Há poucas equipas e há poucos anestesistas
Idealmente, uma equipa de urgência deve ter três obstetras. Um serviço de urgência de hospitais desta dimensão deve contar com um total de oito equipas. No Hospital de Santa Maria há apenas 28 obstetras em vez dos 35 necessários para assegurar sete equipas (já se deixou cair a oitava). No São Francisco Xavier há 14 em vez dos 24 necessários.

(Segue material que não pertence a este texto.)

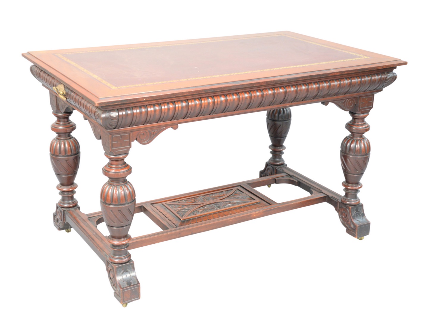 having tooled leather top, carved drawer on either end, set on carved legs, with panel carved stretcher, and scroll carved feet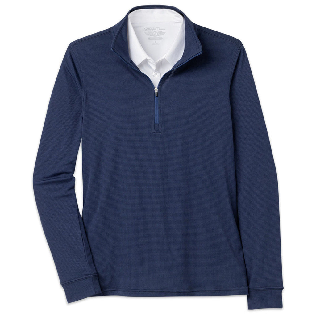 For a polished corporate layering piece, the Straight Down Women's New Indigo Aero Quarter Zip offers lightweight warmth and comfort. The soft, stretchy fabric moves easily and keeps you cozy without bulk. Its contoured fit and quarter-zip collar make it a versatile option for cool mornings, office travel, or branded apparel programs.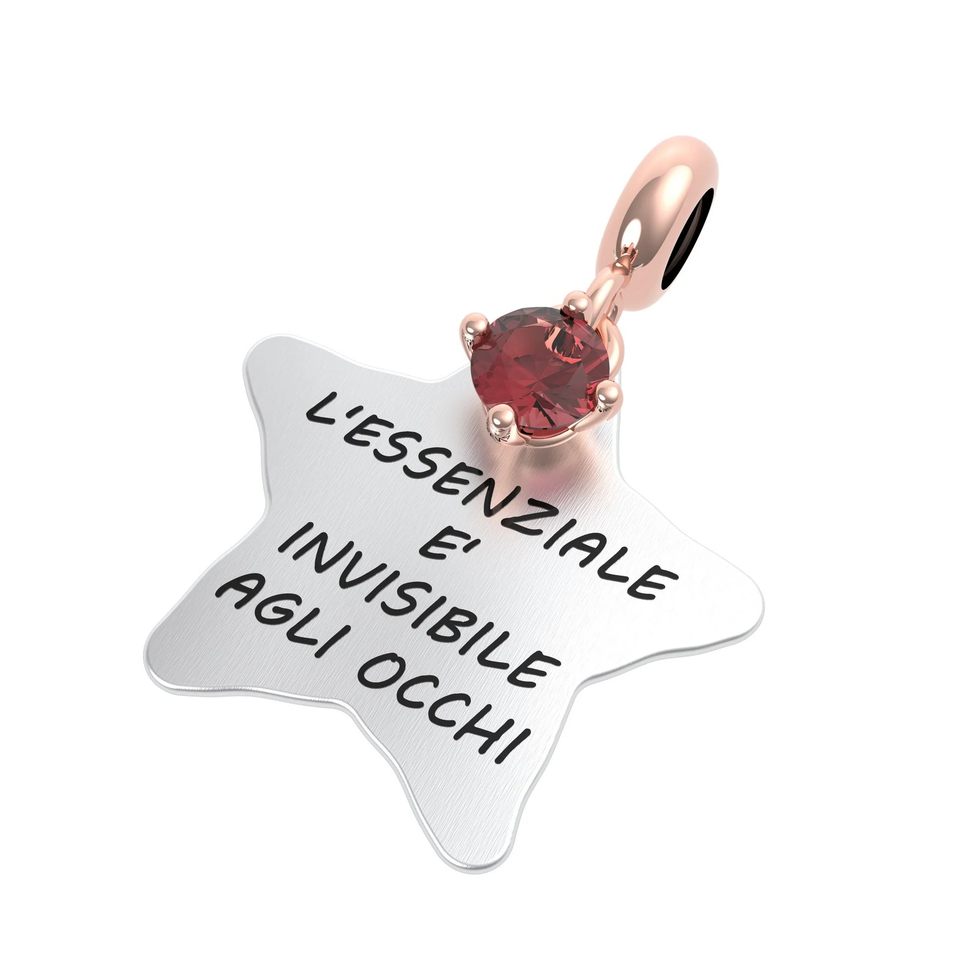 Questo charm della collezione Rerum Gioielli è realizzato in argento 925 ed è arricchito da pietra naturale granato. Un’antica leggenda medioevale assegnava, a questa pietra, il potere di portare luce nell’oscurità. Una metafora per indicare la saggezza. Conoscenza e saggezza si tramandano attraverso i detti, le frasi celebri, i proverbi e le citazioni in cui spesso ci riconosciamo e nei quali troviamo la nostra musa ispiratrice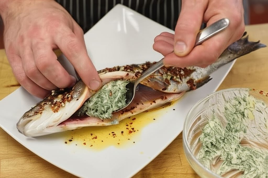 Sekret tej potrawy tkwi w starannie dobranej marynacie z oliwy, czosnku i aromatycznych przypraw Knorr, która przenika mięso ryby, nadając jej głęboki, wyrazisty smak. Dodatek masła ziołowego z koperkiem wzbogaca wnętrze pstrąga, sprawiając, że każdy kęs rozpływa się w ustach.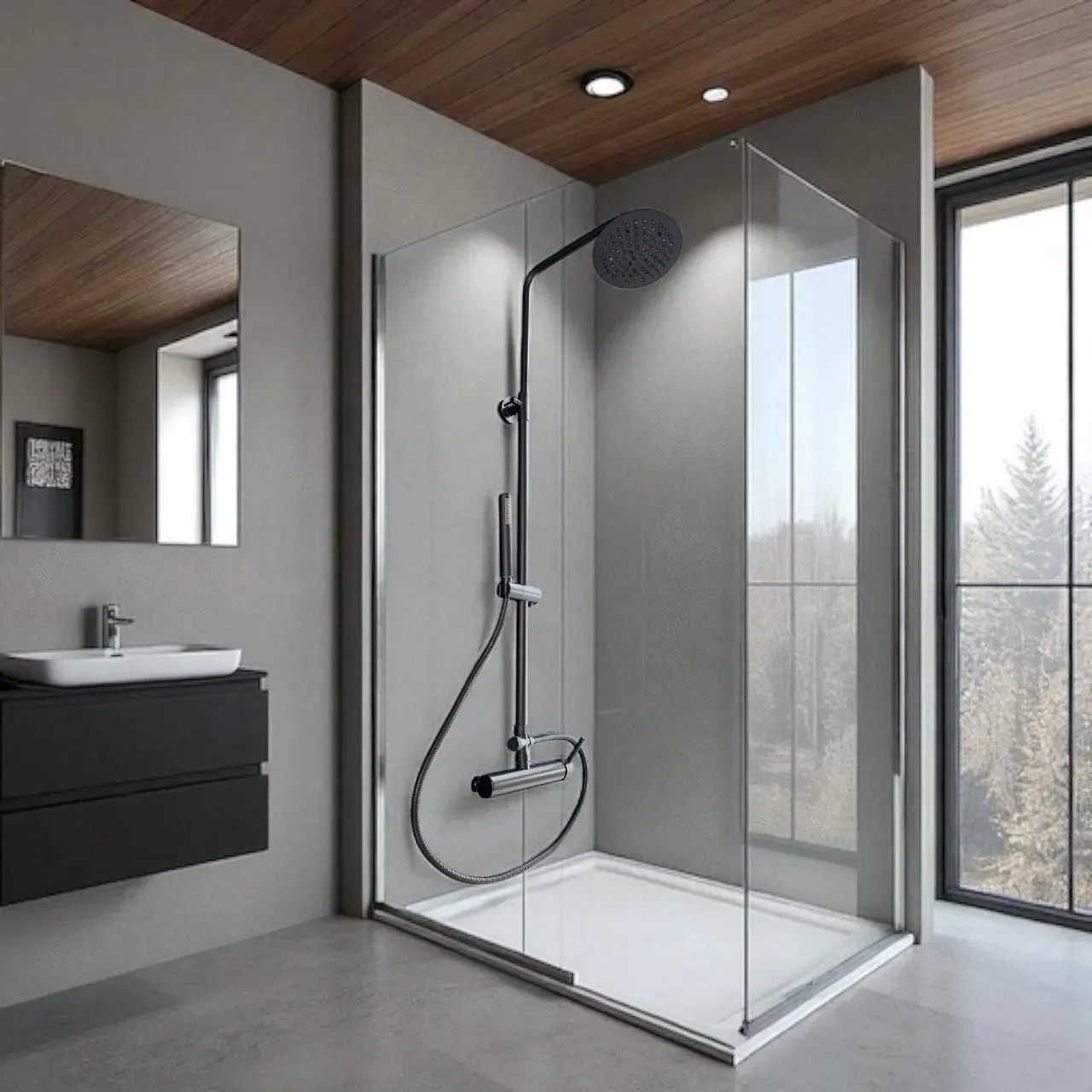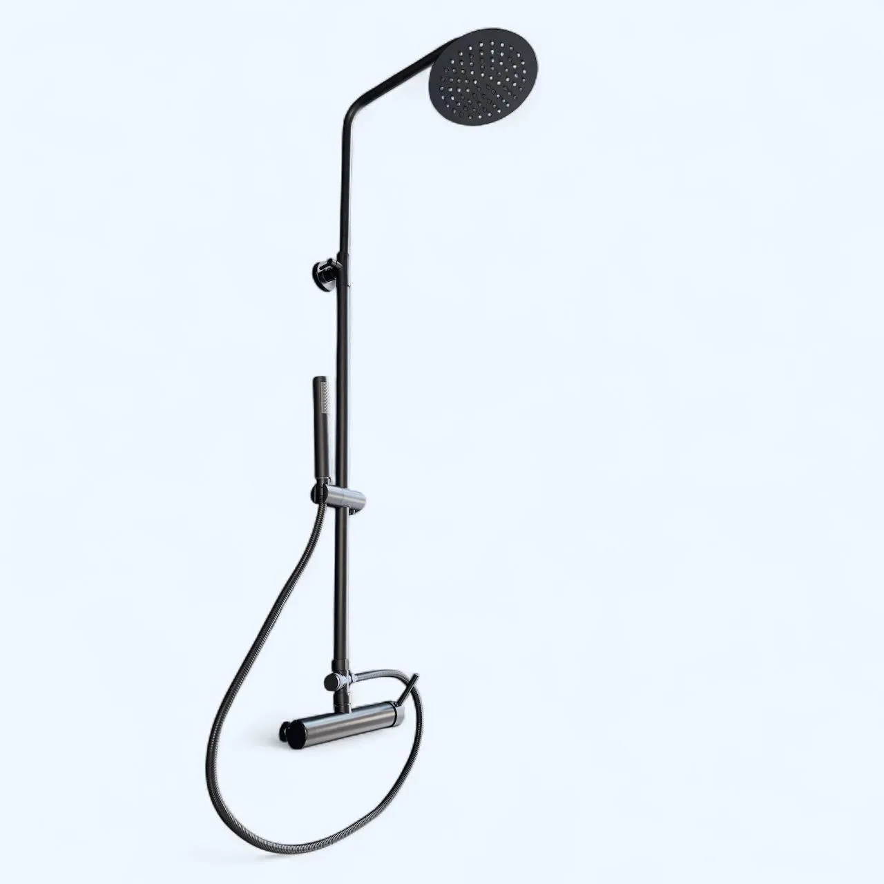 Moderniza tu baño con la sofisticación de la Grifería Volterra Negra, diseñada para brindar una experiencia de ducha cómoda, elegante y funcional.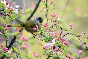 近日,贵州省仁怀市楠竹林公园里的贴梗海棠花娇盈绽放,引来小鸟驻足嬉戏,散发浓浓春意。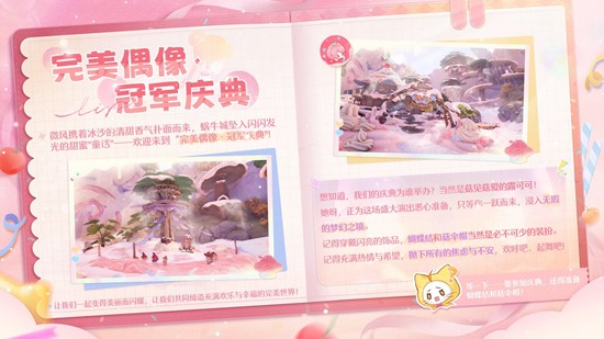 活动期间,搭配师可前往完美偶像冠军庆典,体验旋转跳跃的彩绘世界。参与玩法可得钻石、养成材料等奖励。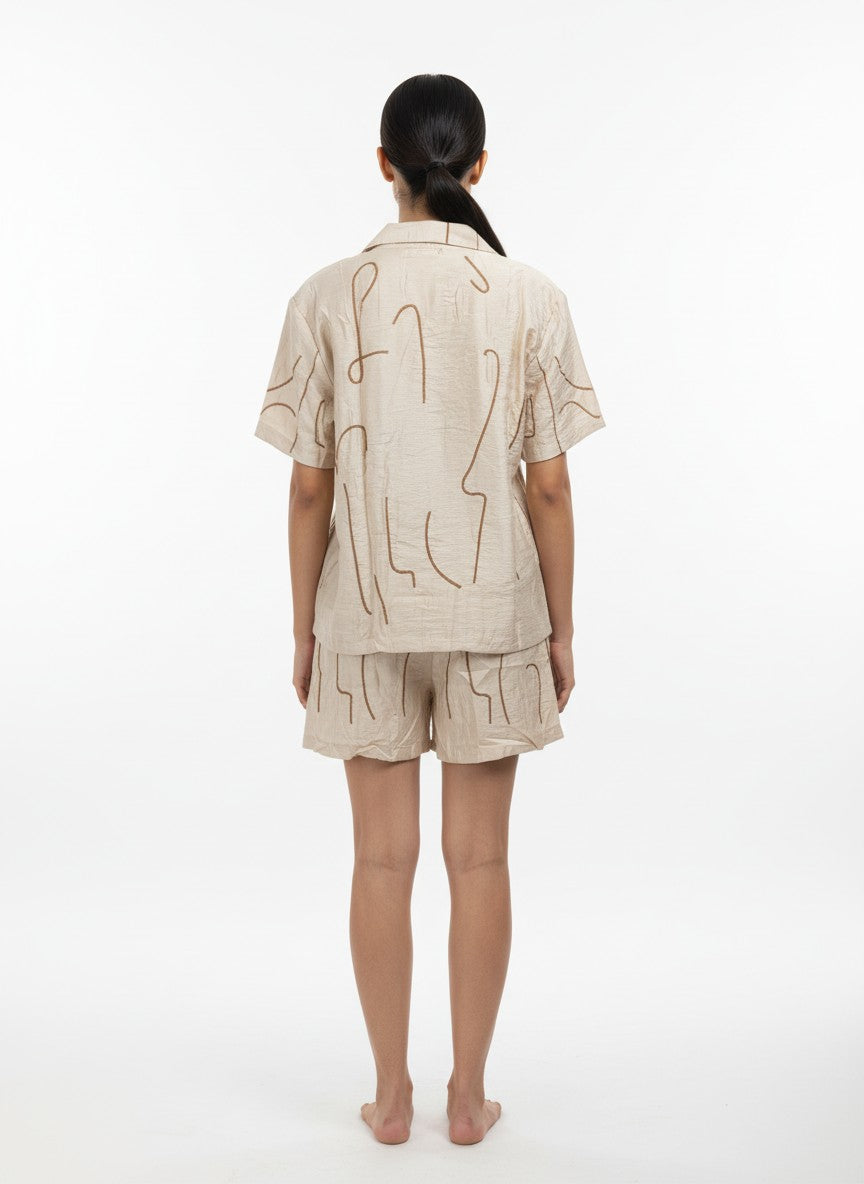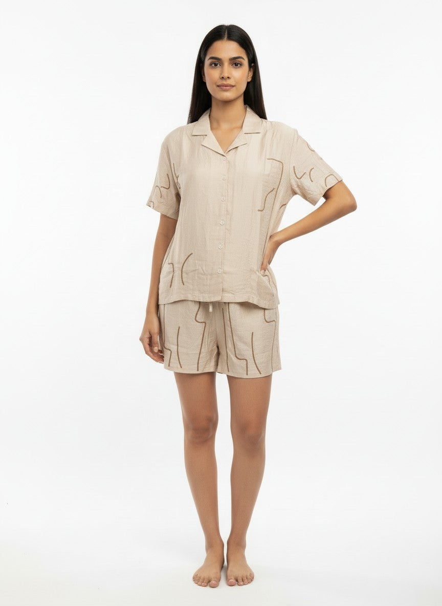 Experience the ultimate in playful and cute nightwear with this Sweetdreams set, designed for relaxed fit lounging and comfortable sleep. Featuring a lightweight breathable viscose fabric that is stretchable and suitable for all seasons, this beachsand colored set includes a half sleeve top with a collar neck and button closure, adorned with an abstract pattern for a stylish look. Machine wash cold care ensures easy maintenance, making it a perfect choice for everyday comfort and nighttime relaxation.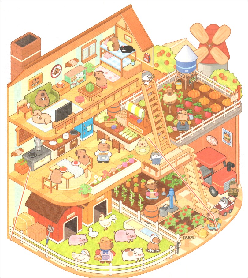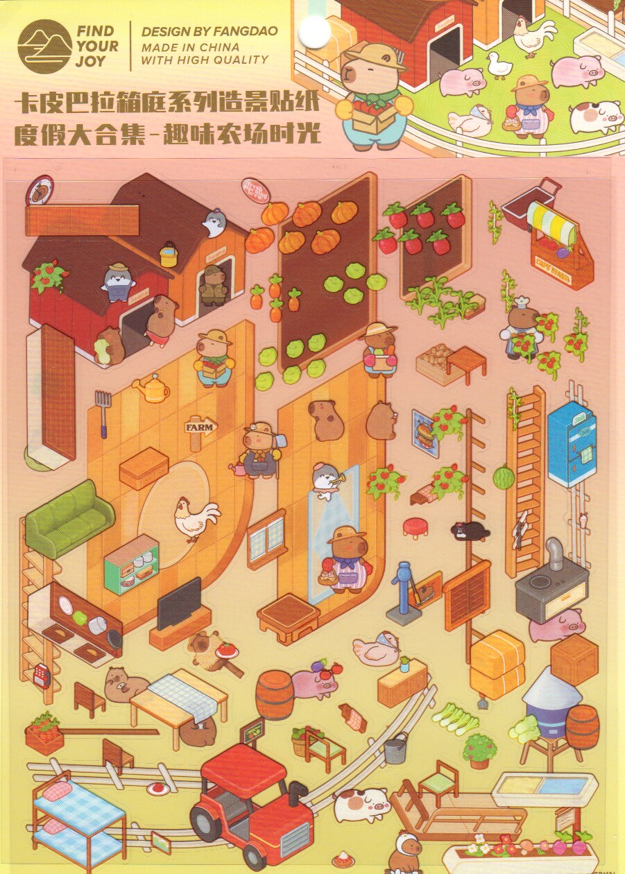 Capybara Farm Sticker Scene, Isometric Room Stickers, Adorabilities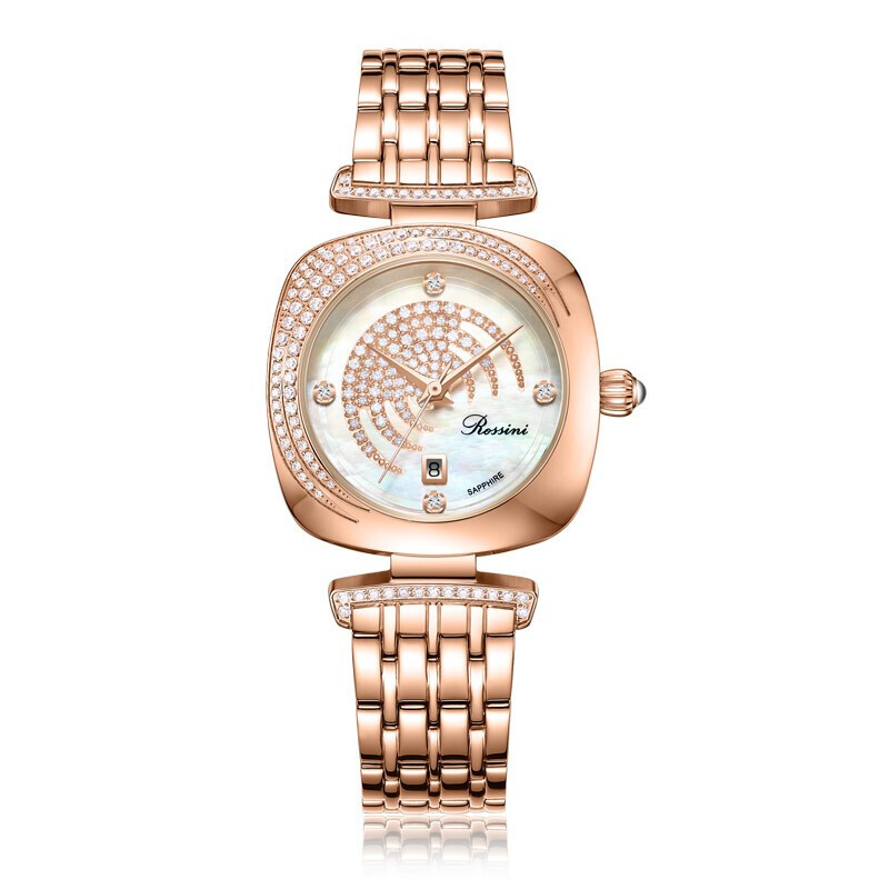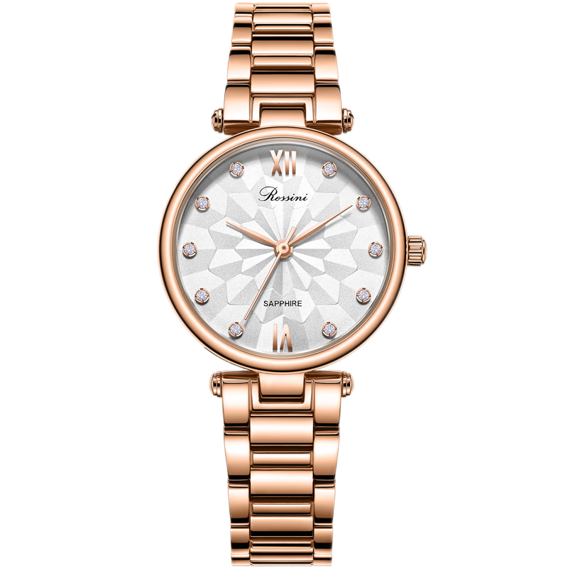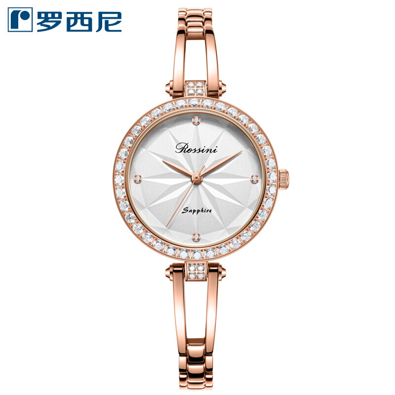 Rossini罗西尼 【专柜同款】启迪系列时尚石英女表镶钻雪花白盘玫瑰金钢带女表5988G01B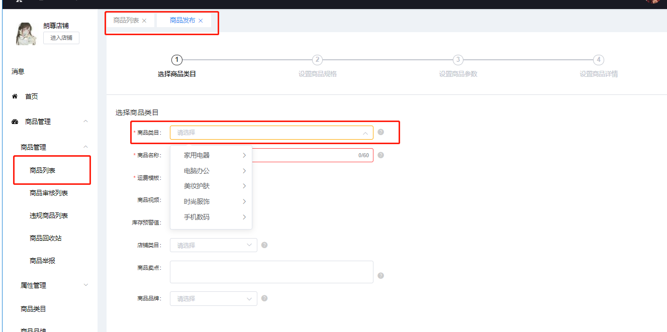 (1)选择商品类目设置商品(商品类目、商品名称、运费模板、商品视频、库存预警、店铺类目、商品卖点、商品品牌)

Tudo se agrava com a falta também de anestesistas, como acontece na MAC: os 60 obstetras são suficientes para assegurar a escala da urgência este verão, mas faltam especialistas em anestesia.
A solução proposta na reunião pela ARSLVT foi a de dividir as semanas em blocos e garantir assim que há pelo menos um destes quatro hospitais com serviço de urgência a funcionar entre o final de julho e o final de setembro. Fonte oficial da tutela explicou ao Público, contudo, que o assunto ainda não está fechado, precisamente pelo facto de ainda não terem sido analisados os dados dos serviços de anestesia — algo que irá ser tratado em nova reunião, na próxima semana.